The Home of Mary Whittington

Long Island, New York, 1898

 

At first, Mary Highstreet Whittington was quite certain she was going mad. She felt this distressing fact confirmed whenever she would see military men standing in the corner of the downstairs parlor of her Victorian home on Long Island.

The Confederate soldier would leer at her as he leaned on his long, slender smoothbore musket. His body was somewhat transparent, but his disdain for the thirty-two-year-old mistress of the home was nevertheless evident.

The British colonel was a bit more formal — stiff upper lip and erect posture speaking of discipline and duty — also visited Mary regularly.
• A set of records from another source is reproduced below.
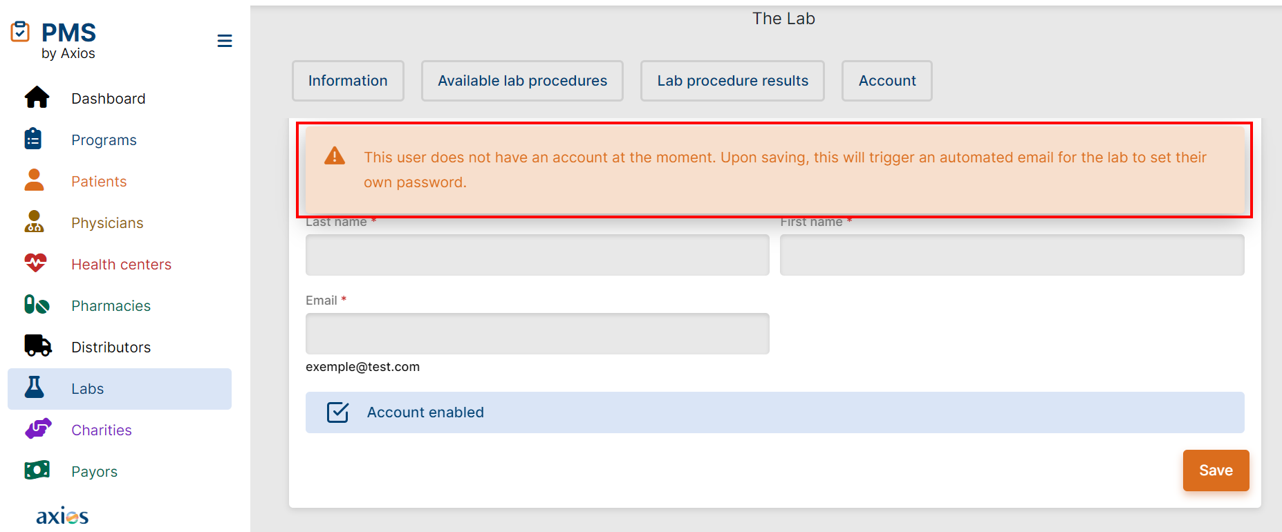 Once the Lab’s account is enabled, the PMS will automatically send an email to them for them to set their own password. Once Labs have set their own password, they can log into the Platform. Their username will be their email address, and their password the one they have just set.
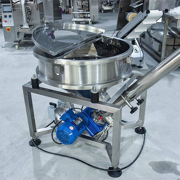 這款四邊封咖啡包裝機(jī)是根據(jù)客戶的需求進(jìn)行定制開發(fā)出來。在原有320的主機(jī)上面把料斗改成的三角形式。同樣是采用螺桿下料,而且這臺咖啡包裝機(jī)的上料方式是采用螺桿上料系統(tǒng),工作人員只要將咖啡之類的粉末倒入儲料斗里面,然后通過電機(jī)驅(qū)動螺桿,直接把物料輸送到三角料斗里面,再次通過螺桿計量稱重、下料、封口、成品輸出等一些工作流程完成物料的包裝。
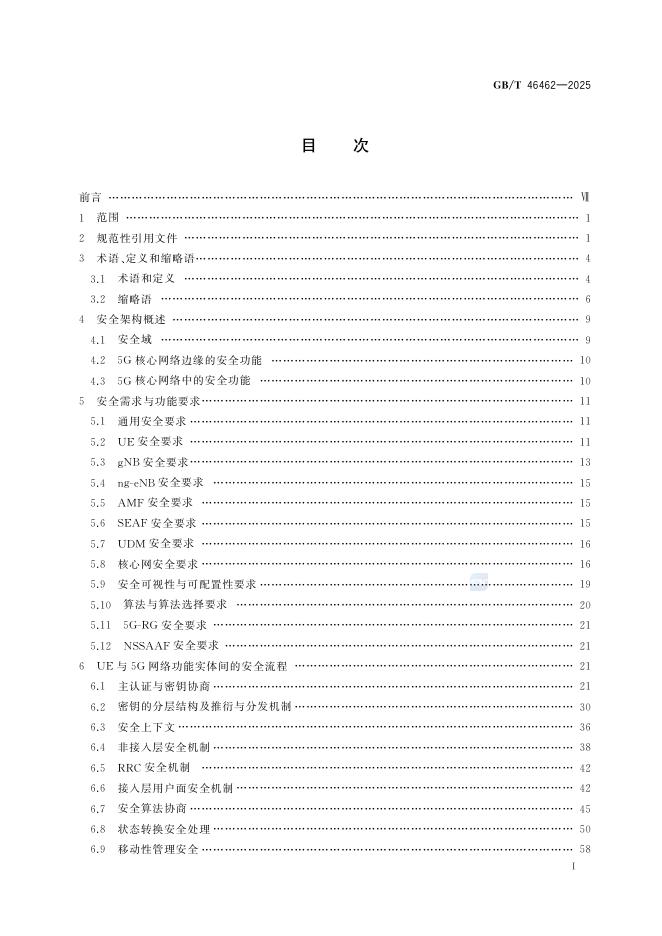 GB/T 46462-2025 5G移动通信网通信安全技术要求
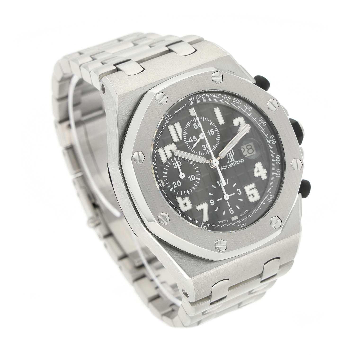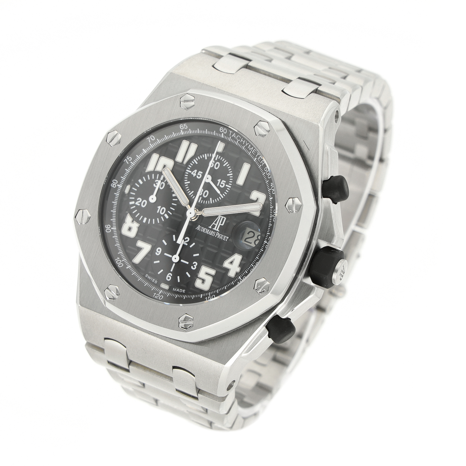 Audemars Piguet Offshore aus dem Jahre 2006 mit einem 42mm Gehäuse in Edelstahl und Doppelfaltschließe. Die Herren Audemars Piguet Uhr befindet sich in einem sehr guten Zustand.

A rose-shaped bloodstain blossomed on his khaki uniform, right above his left breast.

Other soldiers frequently called on the attractive young woman: Serbian, Russian, Italian, and many she couldn’t identify. They were all dressed in bloody, tattered uniforms. Their open wounds were appalling to behold. Some soldiers were missing limbs.

Mary would run to her bedroom and hide under the bedspread, trembling.
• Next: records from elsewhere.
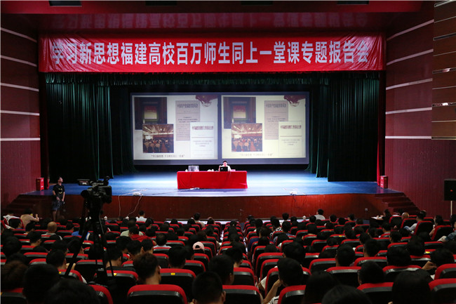 6月12日上午,“学习新思想 千万师生同上一堂课”活动走进金年会jinnianhuicom,省委教育工委副书记、福建省高校学习贯彻习近平新时代中国特色社会主义思想宣讲团团长王建南为该校师生作题为《用思想之光照亮奋斗之路用信仰之力开创美好未来》的专题报告。金年会jinnianhuicom近600名师生现场聆听了报告。
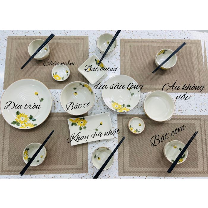 | Tên Sản Phẩm | Bộ bát đĩa hoa cúc vàng - Set 14 món |
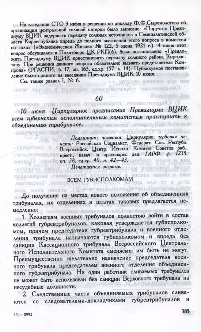 10 июня. Циркулярное предписание Президиума ВЦИК всем губернским исполнительным комитетам приступить к объединению трибуналов // Подлинник; пометка: Циркулярно; гербовая печать: Российская Социалист. Федерат. Сов. Республ. Всероссийск. Центр. Исполн. Комитет Советов раб., крест., казач. и красноарм. деп. ГА РФ, ф. 1235, оп. 38, ед.хр. 40. л. 42— 43. Печатается впервые.
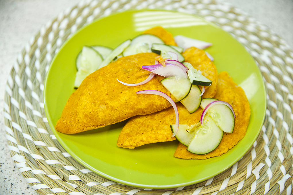 Precalentar en un sartén con aceite, ½ de cebolla, seguidamente añade ½ de chile, ajo, tomate y pasta de tomate mescla todo. Deshilachar la pechuga de pollo añadir una taza de agua y dejar sofreír. Forma las bolitas de la masa y hacer una totilla coloca el relleno y coloca a freír.
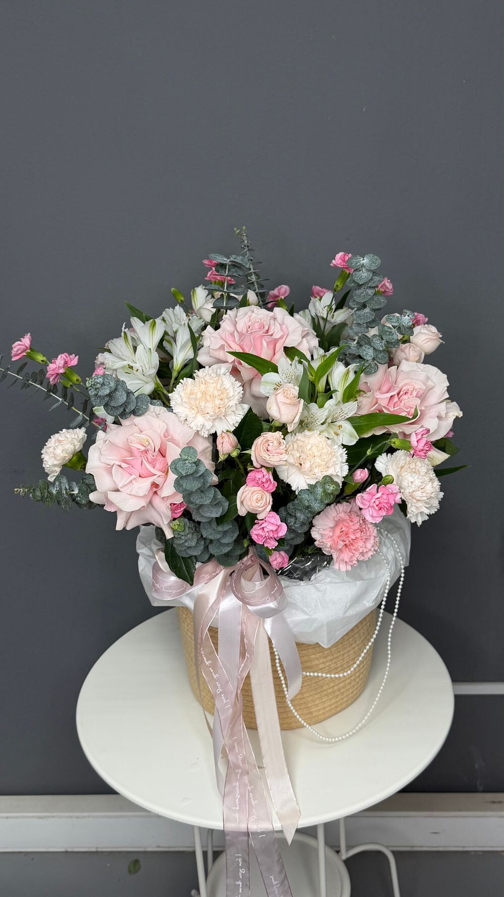 Нежный микс кустовых пионовидных роз с эвкалиптом

Her nightmares soon became regular. She dreamt she was standing on dusty battlefields, the smell of leather, steel, and gunpowder heavy in the smoky, acrid air. Canons fired, and horse-mounted cavalrymen rode past her with bloodcurdling cries. Infantrymen, dead and wounded, lay everywhere on the ground about her, vacant looks in their eyes.

Fields of madness. Complete and utter madness.

To soothe her jangled nerves, the family physician prescribed various tonics and elixirs, but to no effect. Since Mary’s parents had died from a fever while taking the Grand Tour in Europe, the doctor confided to her younger sister that he feared Mary might need to be institutionalized. She appeared to be suffering from paranoid delusions.

As time progressed, Mary felt certain that the disturbing visitations were real. Since the early 1800s, her Whittington ancestors had known that warfare was a constant in human history. As sage entrepreneurs, they had also known how to capitalize on this grim fact of human nature. Throughout the decades of the nineteenth century, they had done business with men such as Benjamin Henry, Lewis Jennings, Horace Smith, Daniel Wesson, Richard Gatling, Walter Hunt, William Mason, and many other inventors and dealers of firearms. Her family had quite literally fueled dozens of wars across Europe and America. Bloodshed was their stock-in-trade.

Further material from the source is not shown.